▶ [Task brief]: The material below holds pictures; leave them out and reproduce exactly the lines from the one with "010欧式双人床 3d模型下载 [模型ID:1393]" through the one with "Morsetto a due", inclusive.

▶ [Records supplied]:
====

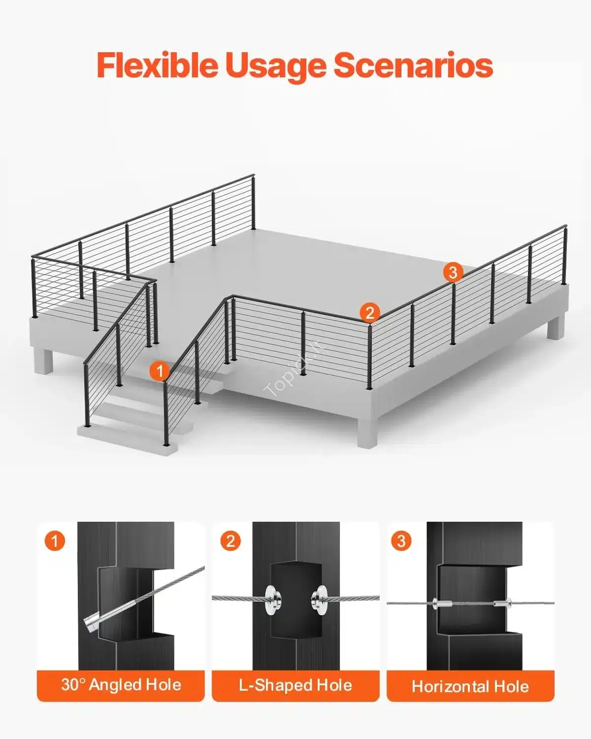 Nerūdijančio plieno trosų turėklai, turėklų stulpas, laiptų turėklai, balkono turėklai (914 x 25,4 x 50,8 mm)
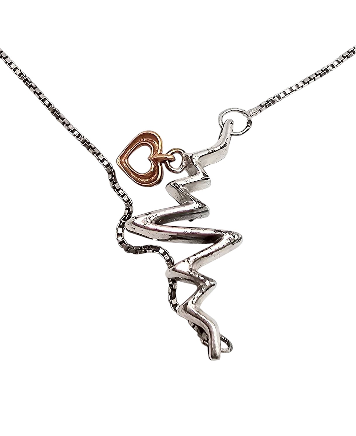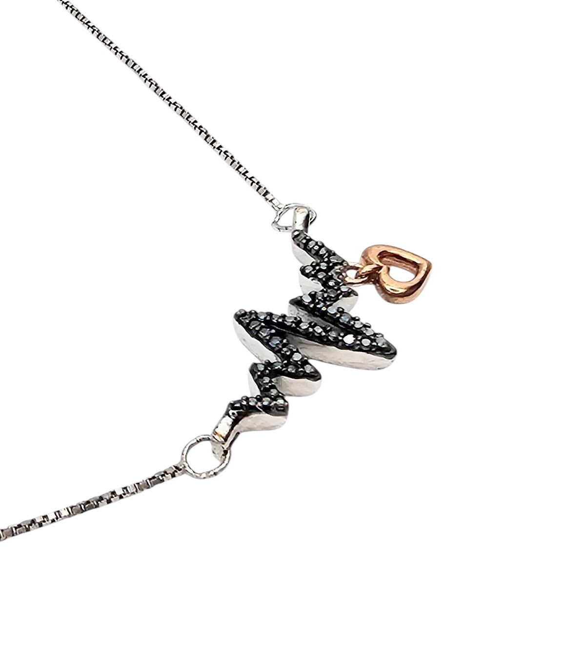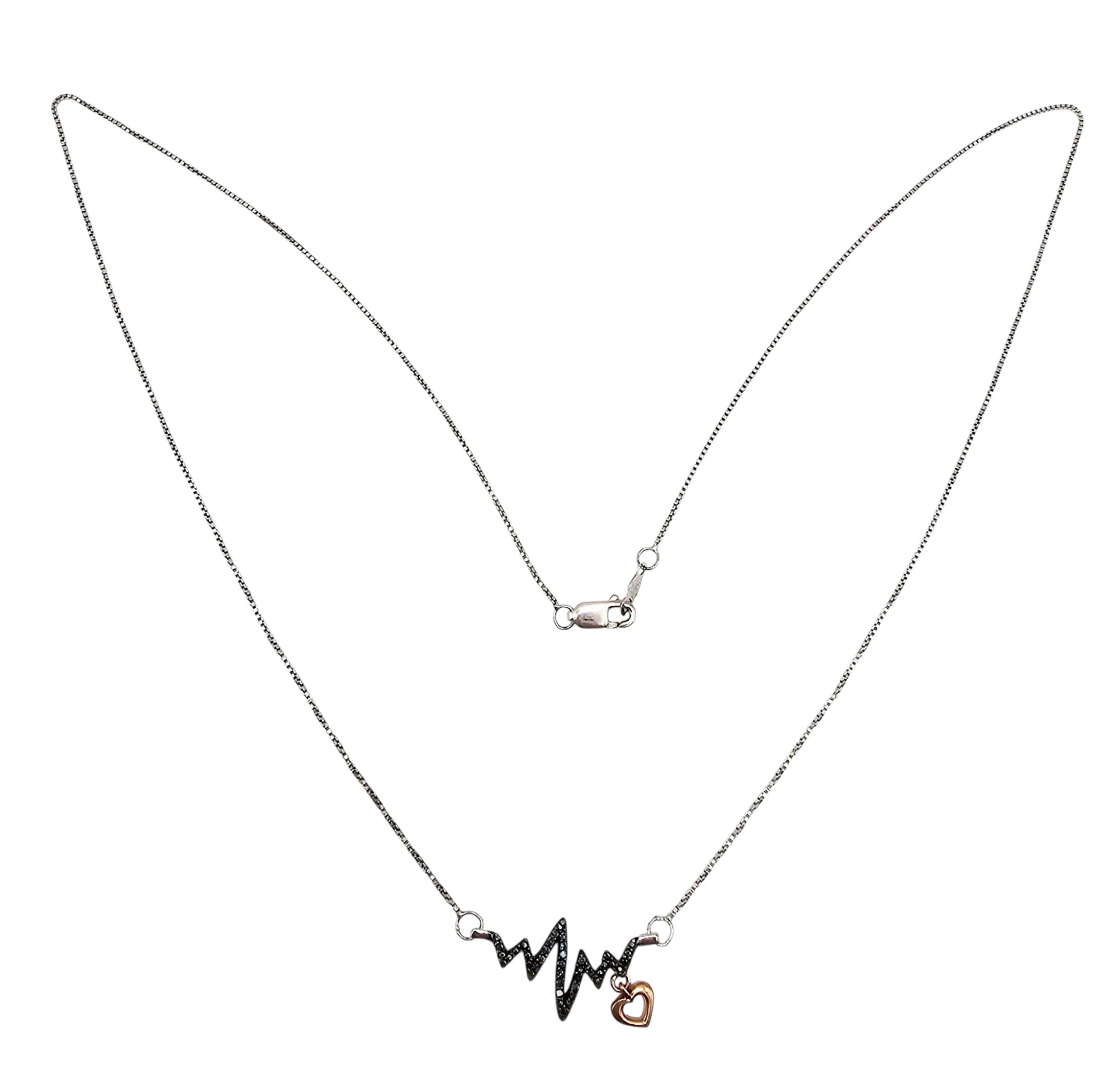 Sterling silver necklace weighing 2.7g, featuring a zigzag heartbeat-shaped pendant set with small diamonds. Includes a rose gold-tone heart accent. The piece is crafted from sterling silver and is finished with a lobster clasp. Meticulously designed for a modern and stylish appeal.
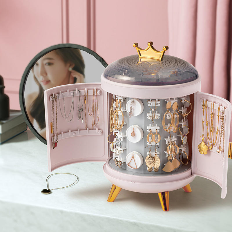 กล่องใส่เครื่องประดับรูปมงกุฎ 25 ลิตร พร้อมฝาปิดและขาตั้งสีทอง สำหรับเก็บแหวน สร้อยคอ ต่างหู
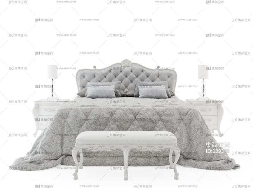 010欧式双人床 3d模型下载 [模型ID:1393]
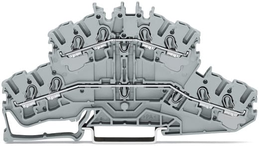 Morsetto a due piani per 4 conduttori; Morsetto passante/passante; L/L; senza portaetichette; per guida DIN 35 x 15 e 35 x 7,5; 2,5 mm²; Push-in CAGE CLAMP®; 2,50 mm²; grigio
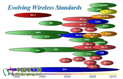 同時,各種無線通信標準的不斷涌入也同樣使人感到束手無策,每個公司和組織都在根據自己特定應用的需求來制定和優化不同的標準和協議,這就使得大 量的新標準如雨后春筍般出現,而每個標準的生命周期卻被大大的縮短。如果通過時間軸來顯示各種標準,許多標準的演化過程會變得十分清晰,而新標準的開發也 正以前所未有的速度進行著。如下圖所示,在2000年之前,并存的標準只有四五種,并且生命力較長,到今天,這種情況已被層出不窮的各種標準所顛覆。
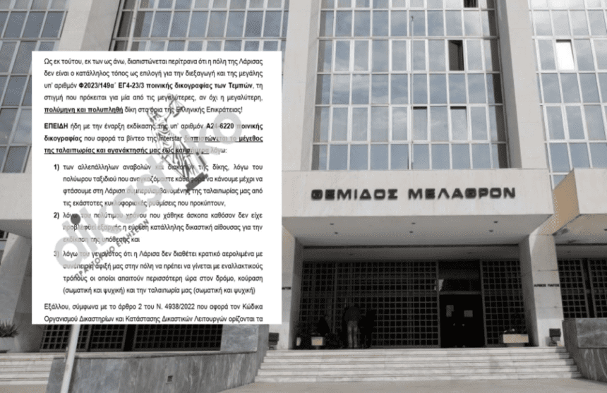 Το σχετικό έγγραφο, που παρουσιάζει σήμερα το dikastiko.gr, αναπτύσσει διεξοδικά τους λόγους για τους οποίους ζητείται η μεταφορά της έδρας από το Τριμελές Εφετείο Κακουργημάτων Λάρισας στη Θεσσαλονίκη ή, επικουρικώς, στο Εφετείο Αθηνών. Το αίτημα αποκτά επείγοντα χαρακτήρα, καθώς η έναρξη της μεγάλης δίκης έχει προγραμματιστεί για τις 23 Μαρτίου, ενώ οι υποδομές της Λάρισας έχουν ήδη δοκιμαστεί και κριθεί ανεπαρκείς σε παράλληλη δικαστική διαδικασία.
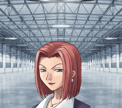 a woman with red hair is standing in a large building
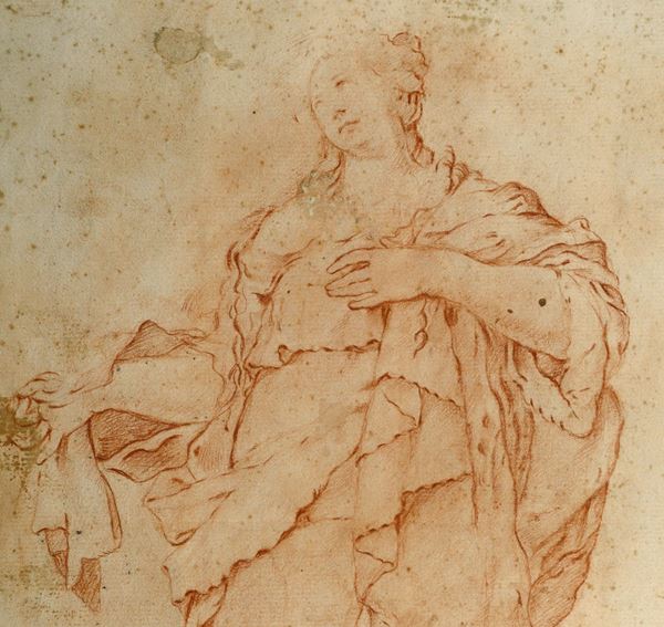 E proprio il confronto con le due Allegorie della Salubrità e dell’Abbondanza scolpite, intorno al 1760, sul fronte della Fontana di Trevi dal della Valle, induce a considerare questo disegno qui in esame come uno studio elaborato dal Maestro per una grande statua allegorica di analoga impostazione ed esattamente nello stesso momento in cui mise mano ai progetti per quelle due statue mirabili per la Fontana di Trevi. La finezza del tratto e l’armoniosa complessità del panneggio conferiscono a questa immagine quella tipica movenza barocca che Filippo della Valle esprime senza alcuna tentazione di retorica o, peggio, fatuità, mantenendosi invece sobrio e vigilato. Questo disegno è di nobilissima espressione e la perfetta conservazione contribuisce e renderlo quanto mai affascinante.

====

▶ [Solution to this task]:
 010欧式双人床 3d模型下载 [模型ID:1393]
 Morsetto a due piani per 4 conduttori; Morsetto passante/passante; L/L; senza portaetichette; per guida DIN 35 x 15 e 35 x 7,5; 2,5 mm²; Push-in CAGE CLAMP®; 2,50 mm²; grigio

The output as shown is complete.